29 September 2013: News from CPAG  

Child Poverty Action Group says Supreme Court no route to Justice for 230,000 New Zealand children.

Child Poverty Action Group has decided not to pursue its long-running human rights case in the Supreme Court but will continue to battle for the rights of New Zealand's poorest children.

Earlier this year CPAG sought a declaration from the Court of Appeal that the In Work Tax Credit (IWTC), worth at least $60 a week for the support of children in low-income families, unjustifiably discriminates against families on benefits.

While the Court of Appeal found the IWTC is discriminatory and causes material harm to the families who miss out, they were not prepared to rule that it is unjustified because it incentivised paid work.

Spokesperson Associate Professor Susan St John says, "There is little to encourage us to think the answer at the Supreme Court would be different to that of the Court of Appeal."

"We have concluded that the courts are not ready or equipped to give a rational decision on justification, other than on the same grounds of narrow case reasoning without a real understanding either of how so many children are seriously harmed and their rights ignored, or of the economics of in work benefits and their proper design."

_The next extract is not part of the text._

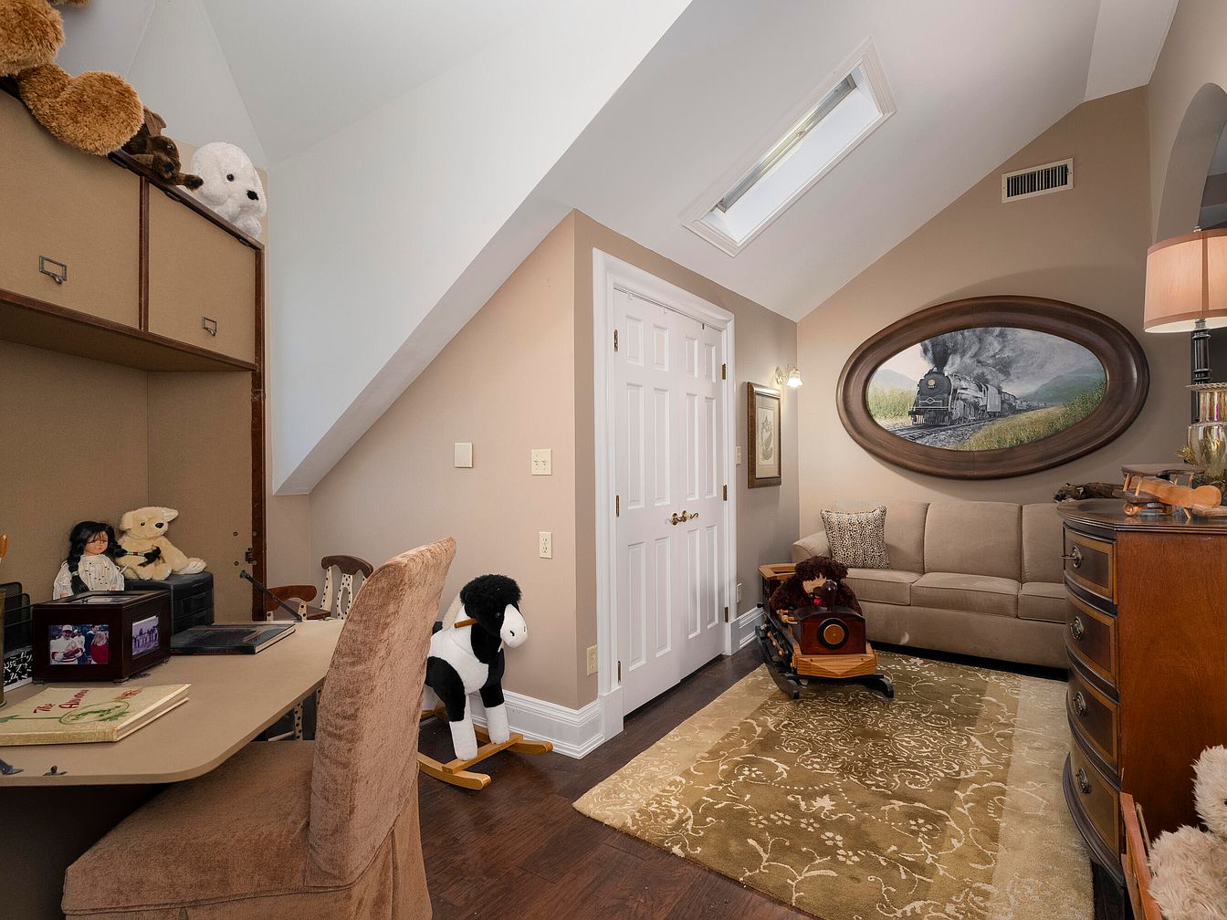 A charming corner dressed in soft earth tones, featuring an inviting beige sofa. The angled walls create a snug atmosphere, enhanced by a plush area rug displaying intricate patterns. A small desk, accented with playful stuffed animals, occupies one side, while a classic rocking horse adds a nostalgic touch. Soft lighting from nearby sconces illuminates a beautiful framed painting of a steam train, adding character. The room’s layout maximizes space efficiently; a white door leads to the rest of the home. The mix of vintage details and airy feel gives this nook a warm, welcoming vibe.
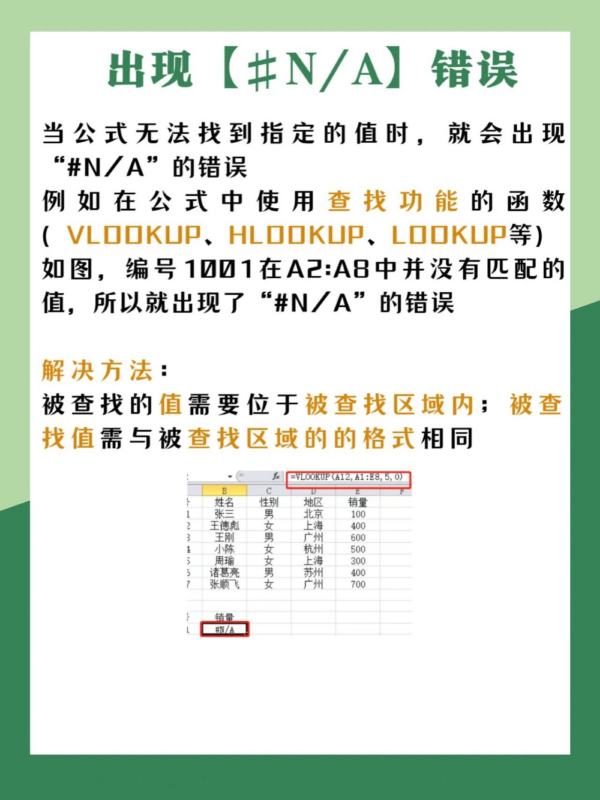 当公式无法找到指定的值时,就会出现“#N/A”的错误

St John says parenting is challenging and expensive work, even for the well-resourced. "It is hard to imagine any justification to depart from the principle of treating all children in low income families equally for all child-related payments.  This is especially true when the discriminatory treatment perpetuates child poverty."

"Our case has raised awareness of serious harm to around 230,000 of the most disadvantaged children in New Zealand. Unfortunately the damage continues and is tragic for the families and our society."

"It is shameful that policies that contravene treaties that New Zealand is signatory to, like United Nations Convention on the Rights of the Child (UNCROC) can be ignored by policymakers, with the courts not yet prepared to hold them to account. It is clear that the IWTC is a payment for children to alleviate poverty that is denied to the poorest children and this falls foul of our international and domestic human rights obligations.

The politicians will no longer be able to sidestep questions on the IWTC by saying that it is still before the courts and this issue will clearly be one for the election."

Working for Families is a tax-funded child-related fortnightly payment to the caregiver. The full package, including the IWTC, has been successful in reducing child poverty for families in paid work. To quote the Ministry of Social Development's own report on household incomes 2012:

"The fall in child poverty rates from 2004 to 2007 for children in one-Full Time -one-workless 2 Parent households was very large (28% to 9%), reflecting the Working For Families impact, especially through the In-work Tax Credit."

For those who missed out on the IWTC however, the Ministry itself says

"From 2007 to 2012, [the poverty rates were] around six to seven times higher for children in workless households.  This to a large degree reflects the greater WFF assistance for working families than for beneficiary families."

CPAG will continue to fight for the rights of New Zealand's poorest children says St John. "The most effective way to reduce child poverty is to give children's payments to all low-income children on the same basis. A policy that relies on paid work cannot be a solution to child poverty in all families."